=== TASK GOAL ===
Your reply should contain nothing except the lines from the one with "Ботінки, еко-замш на" through the end of the listing below, reproduced exactly and stripped of pictures.

■ ■ ■ ■ ■

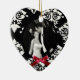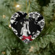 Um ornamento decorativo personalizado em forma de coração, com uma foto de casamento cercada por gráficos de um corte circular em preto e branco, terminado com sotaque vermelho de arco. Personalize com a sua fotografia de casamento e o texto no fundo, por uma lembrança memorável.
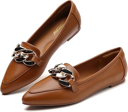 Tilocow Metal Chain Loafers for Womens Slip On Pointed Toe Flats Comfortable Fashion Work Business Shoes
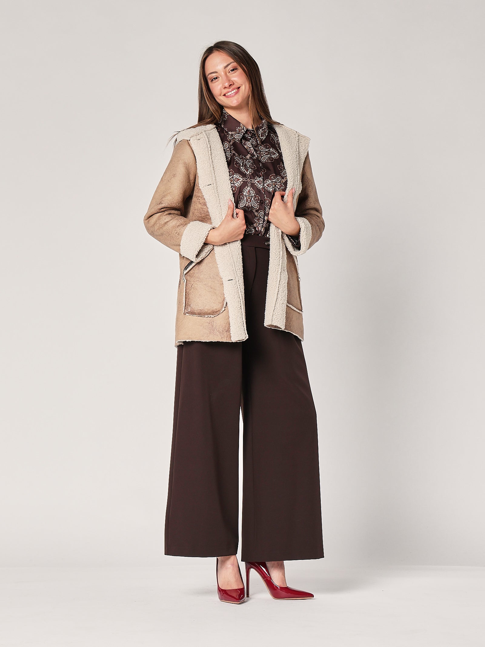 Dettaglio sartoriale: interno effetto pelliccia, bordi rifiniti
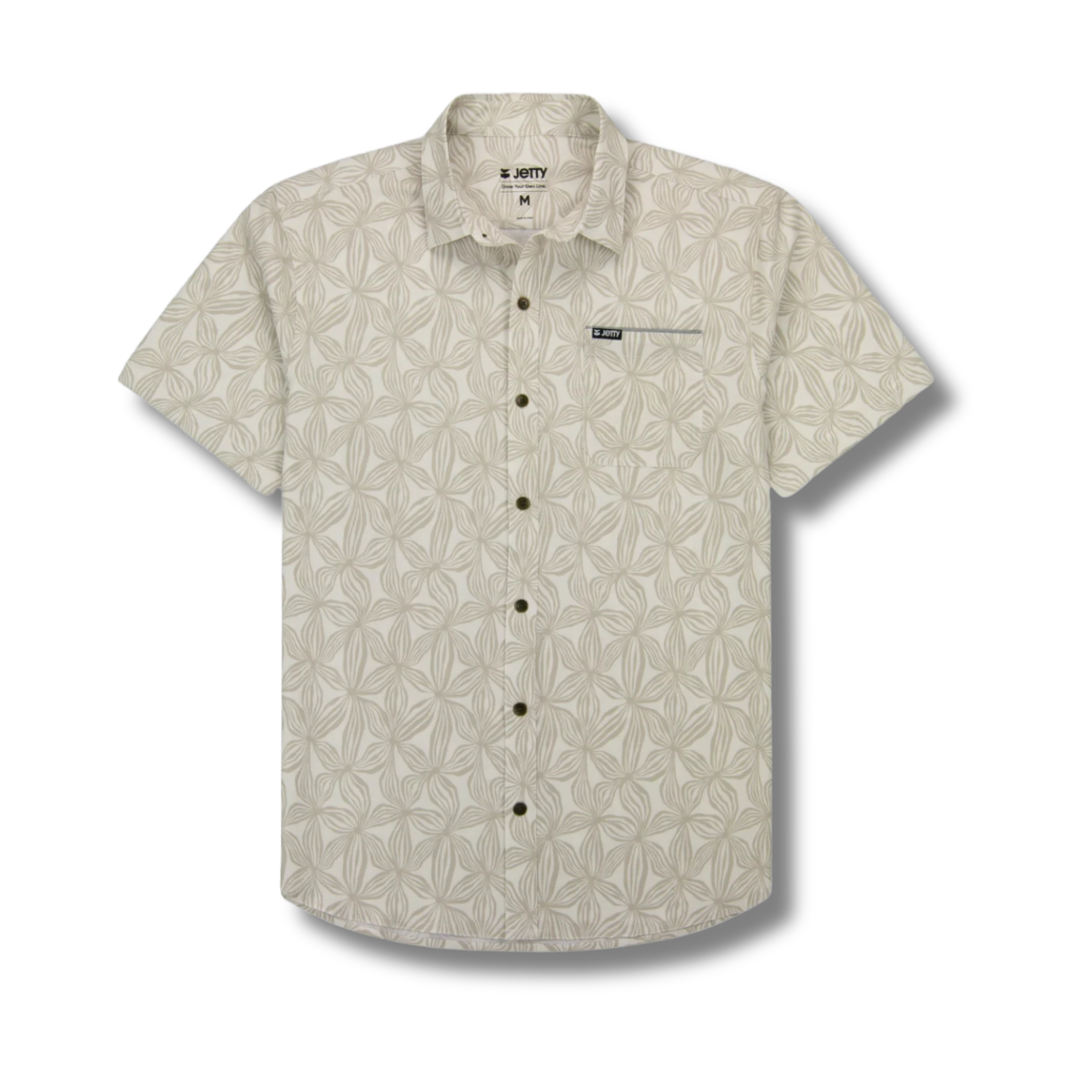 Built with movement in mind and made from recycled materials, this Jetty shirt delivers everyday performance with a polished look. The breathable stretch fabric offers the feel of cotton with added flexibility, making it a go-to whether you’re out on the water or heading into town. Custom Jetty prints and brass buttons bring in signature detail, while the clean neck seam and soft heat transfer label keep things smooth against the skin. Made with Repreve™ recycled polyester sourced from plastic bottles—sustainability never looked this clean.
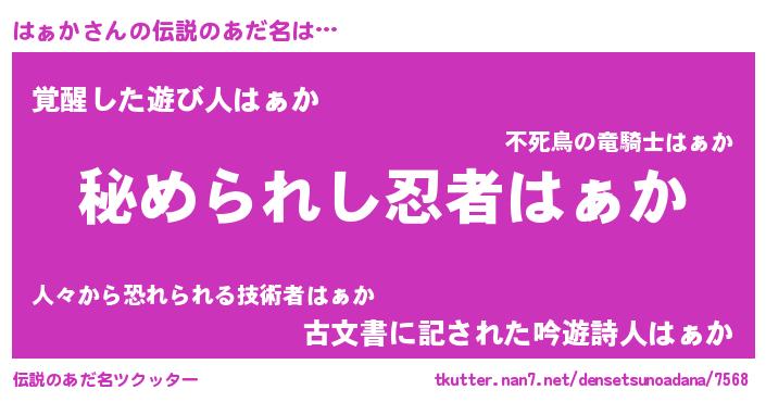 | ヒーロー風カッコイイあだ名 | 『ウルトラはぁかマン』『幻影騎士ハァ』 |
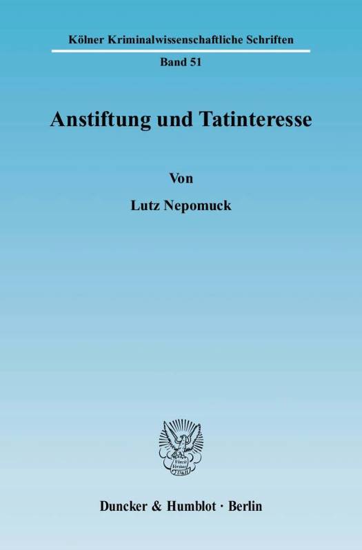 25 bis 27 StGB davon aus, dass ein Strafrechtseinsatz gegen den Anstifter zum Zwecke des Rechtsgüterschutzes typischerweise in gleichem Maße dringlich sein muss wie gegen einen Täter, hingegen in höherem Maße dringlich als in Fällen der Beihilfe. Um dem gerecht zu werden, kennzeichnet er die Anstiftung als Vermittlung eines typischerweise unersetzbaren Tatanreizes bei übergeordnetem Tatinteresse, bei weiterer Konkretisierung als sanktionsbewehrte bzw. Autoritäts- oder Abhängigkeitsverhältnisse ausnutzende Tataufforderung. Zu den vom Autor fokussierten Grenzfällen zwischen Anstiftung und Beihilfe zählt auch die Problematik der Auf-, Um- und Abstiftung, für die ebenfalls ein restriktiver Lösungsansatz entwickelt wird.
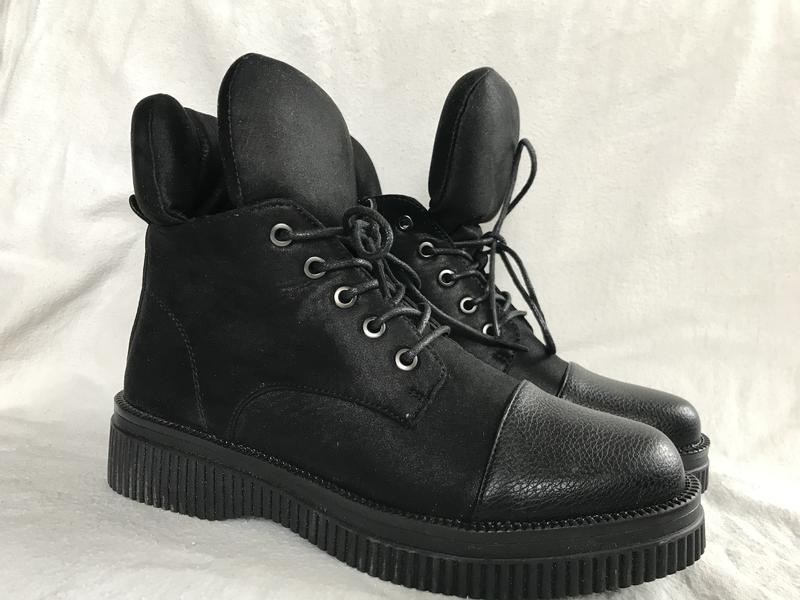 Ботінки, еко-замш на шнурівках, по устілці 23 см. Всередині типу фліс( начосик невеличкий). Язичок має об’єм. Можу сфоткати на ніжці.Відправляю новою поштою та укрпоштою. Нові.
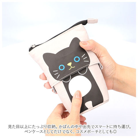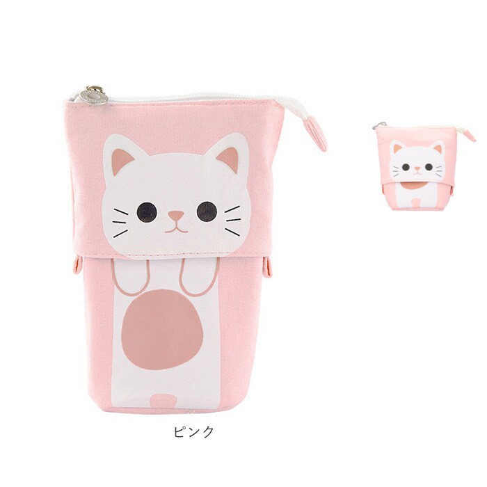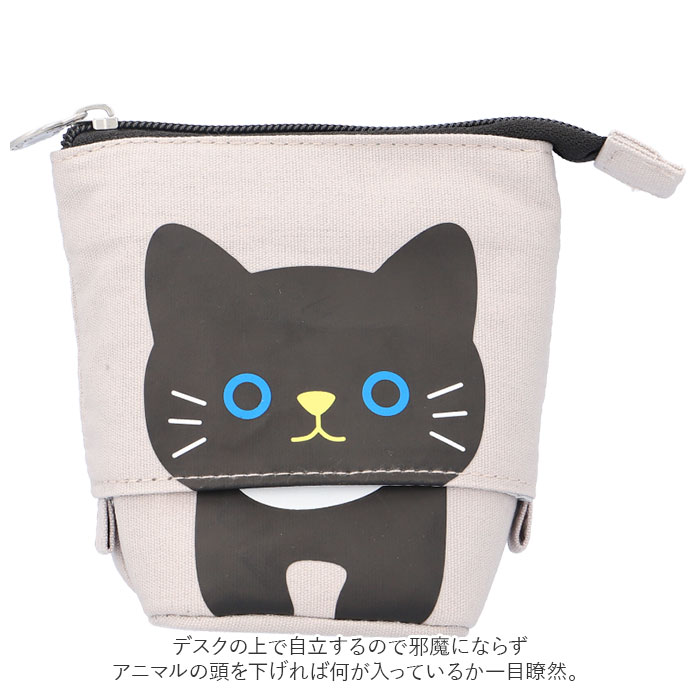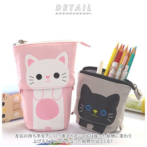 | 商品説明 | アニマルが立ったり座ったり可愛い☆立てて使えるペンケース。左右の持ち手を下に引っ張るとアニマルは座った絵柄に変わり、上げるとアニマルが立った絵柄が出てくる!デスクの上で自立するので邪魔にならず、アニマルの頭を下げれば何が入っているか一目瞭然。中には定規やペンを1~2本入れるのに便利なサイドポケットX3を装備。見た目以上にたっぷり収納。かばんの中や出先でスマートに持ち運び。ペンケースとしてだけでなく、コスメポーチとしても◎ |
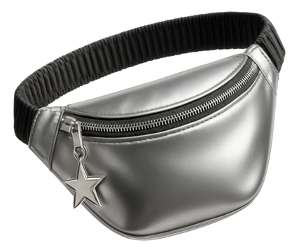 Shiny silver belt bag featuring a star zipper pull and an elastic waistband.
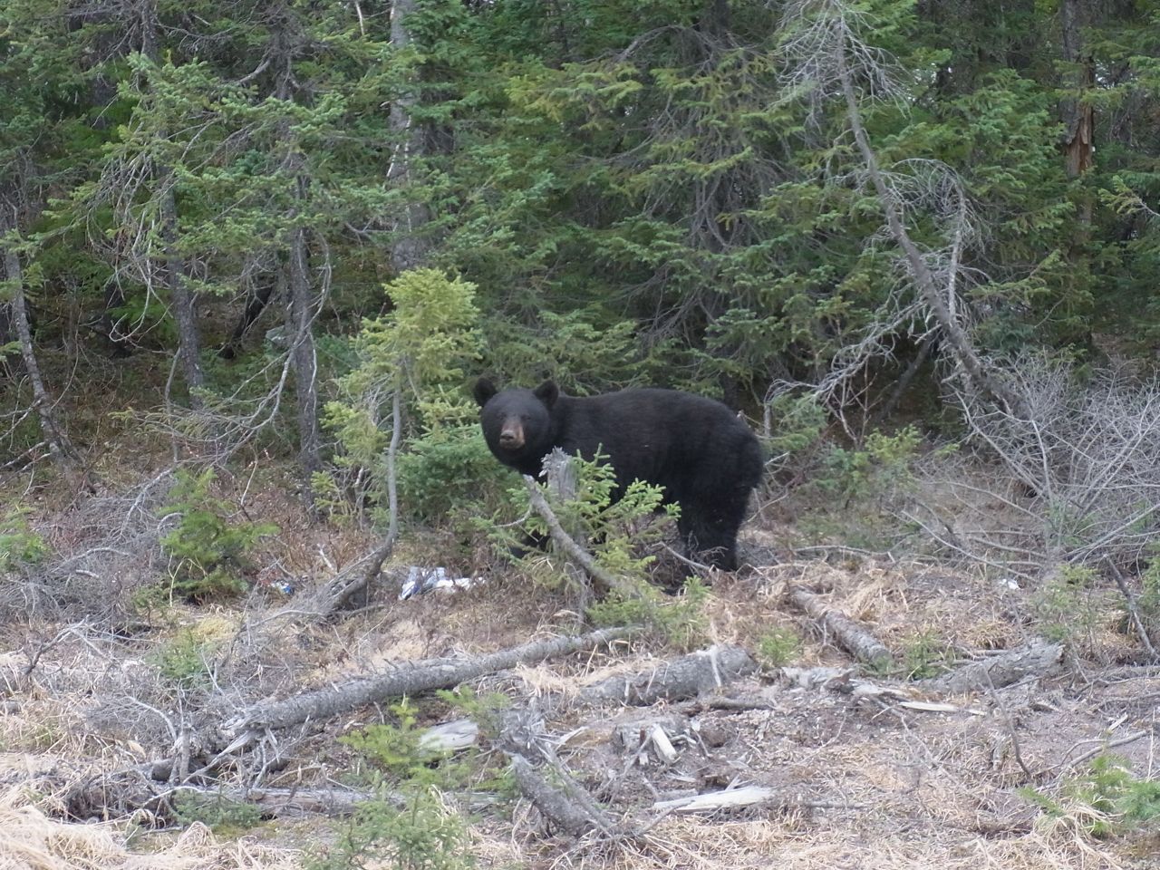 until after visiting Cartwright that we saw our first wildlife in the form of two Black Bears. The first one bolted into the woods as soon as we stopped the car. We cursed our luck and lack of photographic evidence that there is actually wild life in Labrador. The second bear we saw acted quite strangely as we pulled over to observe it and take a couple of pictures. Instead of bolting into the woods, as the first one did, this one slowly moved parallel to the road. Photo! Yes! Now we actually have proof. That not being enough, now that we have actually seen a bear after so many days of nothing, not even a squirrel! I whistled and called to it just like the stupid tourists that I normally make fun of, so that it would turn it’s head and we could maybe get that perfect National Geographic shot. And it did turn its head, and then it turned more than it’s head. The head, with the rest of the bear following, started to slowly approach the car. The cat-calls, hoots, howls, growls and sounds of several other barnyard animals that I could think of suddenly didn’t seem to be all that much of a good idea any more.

■ ■ ■ ■ ■

=== ANSWER AREA ===
 Ботінки, еко-замш на шнурівках, по устілці 23 см. Всередині типу фліс( начосик невеличкий). Язичок має об’єм. Можу сфоткати на ніжці.Відправляю новою поштою та укрпоштою. Нові.
 | 商品説明 | アニマルが立ったり座ったり可愛い☆立てて使えるペンケース。左右の持ち手を下に引っ張るとアニマルは座った絵柄に変わり、上げるとアニマルが立った絵柄が出てくる!デスクの上で自立するので邪魔にならず、アニマルの頭を下げれば何が入っているか一目瞭然。中には定規やペンを1~2本入れるのに便利なサイドポケットX3を装備。見た目以上にたっぷり収納。かばんの中や出先でスマートに持ち運び。ペンケースとしてだけでなく、コスメポーチとしても◎ |
 Shiny silver belt bag featuring a star zipper pull and an elastic waistband.
 until after visiting Cartwright that we saw our first wildlife in the form of two Black Bears. The first one bolted into the woods as soon as we stopped the car. We cursed our luck and lack of photographic evidence that there is actually wild life in Labrador. The second bear we saw acted quite strangely as we pulled over to observe it and take a couple of pictures. Instead of bolting into the woods, as the first one did, this one slowly moved parallel to the road. Photo! Yes! Now we actually have proof. That not being enough, now that we have actually seen a bear after so many days of nothing, not even a squirrel! I whistled and called to it just like the stupid tourists that I normally make fun of, so that it would turn it’s head and we could maybe get that perfect National Geographic shot. And it did turn its head, and then it turned more than it’s head. The head, with the rest of the bear following, started to slowly approach the car. The cat-calls, hoots, howls, growls and sounds of several other barnyard animals that I could think of suddenly didn’t seem to be all that much of a good idea any more.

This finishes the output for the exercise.